* **What you will do**
Going through the material below, output exactly the lines from the one containing "Koszula Flanelowa w" through the one containing "そら組さんは、体操教室に出かけ、平均台や鉄棒を頑張ってきました。", and no pictures.

* **Given data**
<<<<

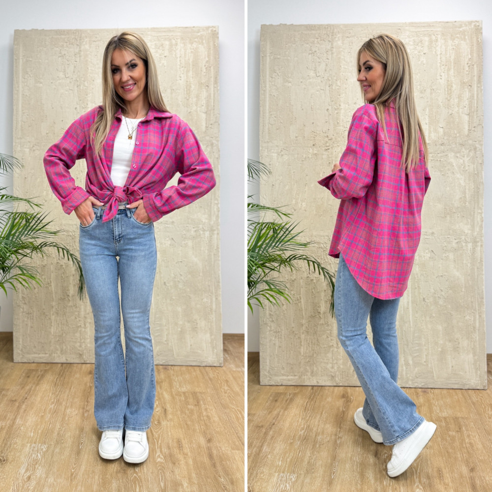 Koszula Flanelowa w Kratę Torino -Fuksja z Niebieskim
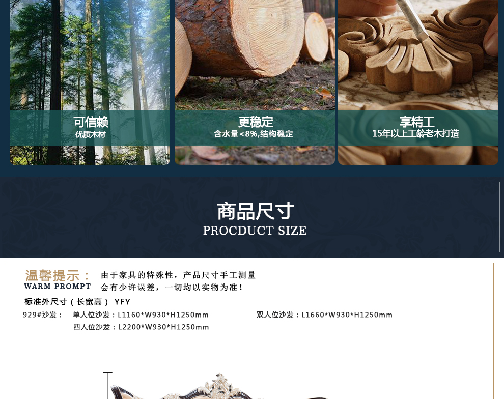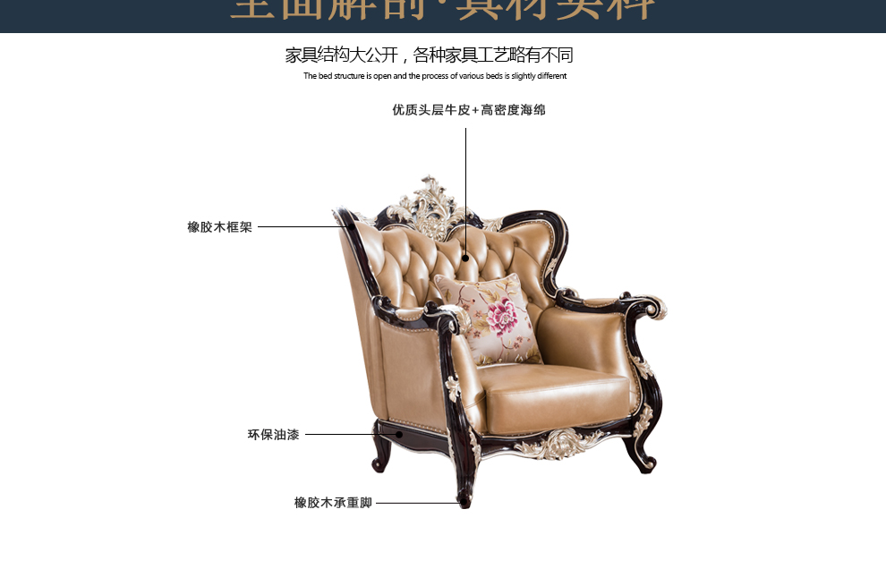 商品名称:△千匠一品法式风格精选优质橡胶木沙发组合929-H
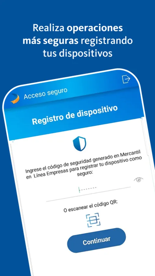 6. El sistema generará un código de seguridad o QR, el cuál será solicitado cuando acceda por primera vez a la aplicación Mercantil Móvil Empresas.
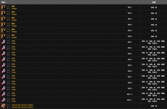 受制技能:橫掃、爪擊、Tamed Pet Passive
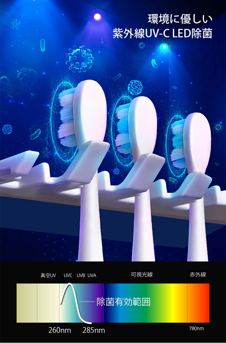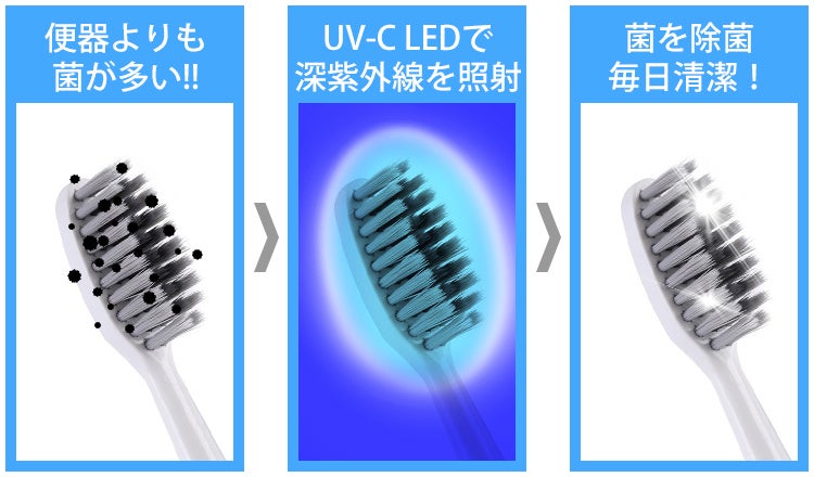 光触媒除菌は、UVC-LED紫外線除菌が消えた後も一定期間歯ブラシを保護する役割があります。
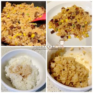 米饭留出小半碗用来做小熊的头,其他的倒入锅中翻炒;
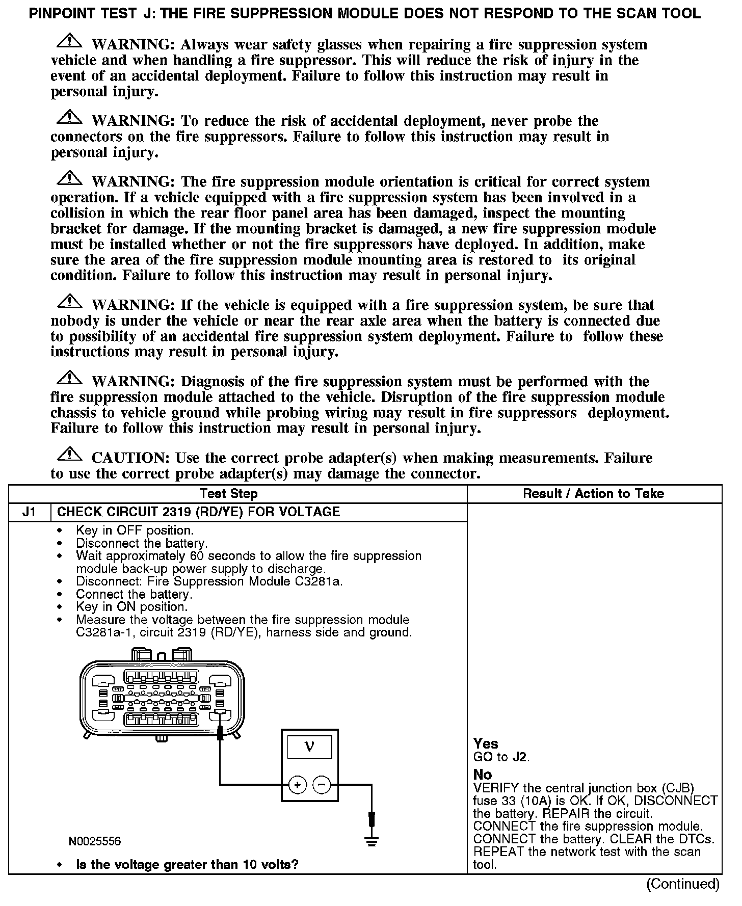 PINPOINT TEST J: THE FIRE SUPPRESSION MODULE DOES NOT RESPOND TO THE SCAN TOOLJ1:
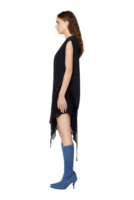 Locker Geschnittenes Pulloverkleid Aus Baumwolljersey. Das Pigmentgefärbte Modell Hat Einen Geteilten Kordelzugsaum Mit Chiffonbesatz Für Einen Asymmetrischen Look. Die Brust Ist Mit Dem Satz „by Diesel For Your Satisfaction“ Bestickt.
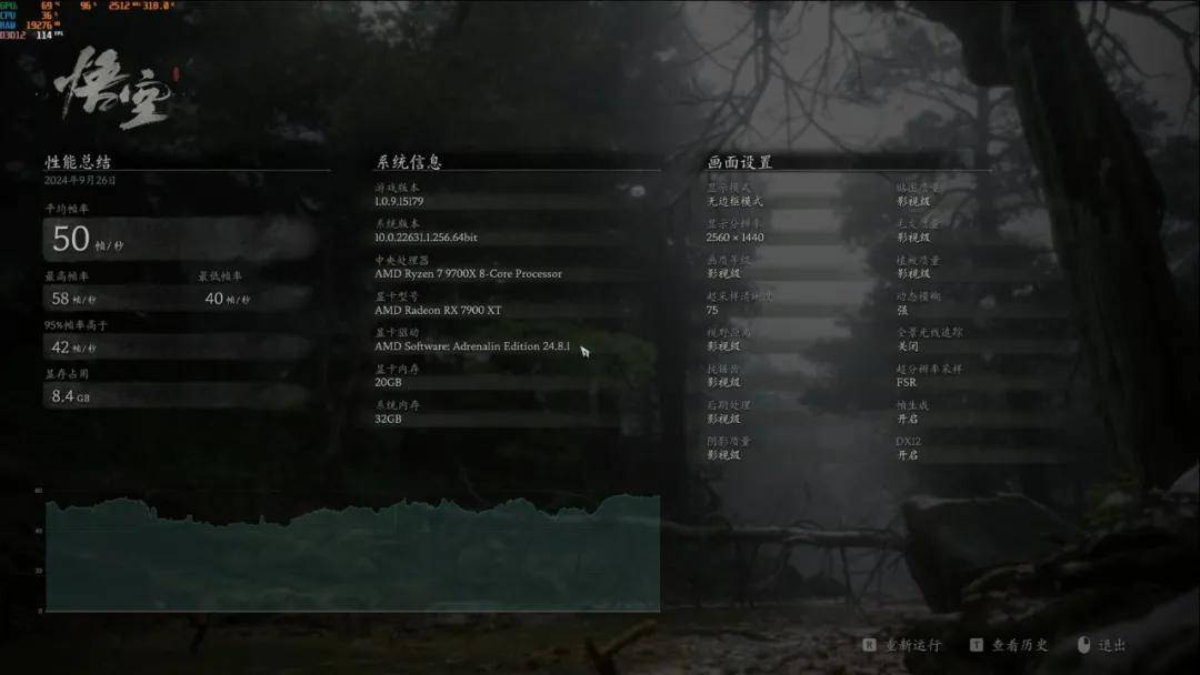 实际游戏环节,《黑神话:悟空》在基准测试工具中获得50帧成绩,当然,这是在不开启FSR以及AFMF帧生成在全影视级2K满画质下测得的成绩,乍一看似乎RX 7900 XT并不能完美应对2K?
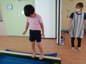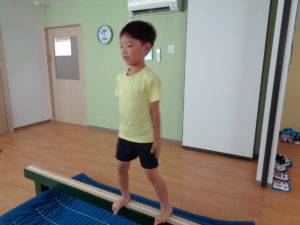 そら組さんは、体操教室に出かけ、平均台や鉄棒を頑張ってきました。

>>>>
<<<<

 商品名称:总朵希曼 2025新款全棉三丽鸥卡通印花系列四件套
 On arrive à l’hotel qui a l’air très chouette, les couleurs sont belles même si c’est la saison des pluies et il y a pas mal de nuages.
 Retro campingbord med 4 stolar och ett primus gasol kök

>>>>

* **Finished task**
 Koszula Flanelowa w Kratę Torino -Fuksja z Niebieskim
 商品名称:△千匠一品法式风格精选优质橡胶木沙发组合929-H
 6. El sistema generará un código de seguridad o QR, el cuál será solicitado cuando acceda por primera vez a la aplicación Mercantil Móvil Empresas.
 受制技能:橫掃、爪擊、Tamed Pet Passive
 光触媒除菌は、UVC-LED紫外線除菌が消えた後も一定期間歯ブラシを保護する役割があります。
 米饭留出小半碗用来做小熊的头,其他的倒入锅中翻炒;
 PINPOINT TEST J: THE FIRE SUPPRESSION MODULE DOES NOT RESPOND TO THE SCAN TOOLJ1:
 Locker Geschnittenes Pulloverkleid Aus Baumwolljersey. Das Pigmentgefärbte Modell Hat Einen Geteilten Kordelzugsaum Mit Chiffonbesatz Für Einen Asymmetrischen Look. Die Brust Ist Mit Dem Satz „by Diesel For Your Satisfaction“ Bestickt.
 实际游戏环节,《黑神话:悟空》在基准测试工具中获得50帧成绩,当然,这是在不开启FSR以及AFMF帧生成在全影视级2K满画质下测得的成绩,乍一看似乎RX 7900 XT并不能完美应对2K?
 そら組さんは、体操教室に出かけ、平均台や鉄棒を頑張ってきました。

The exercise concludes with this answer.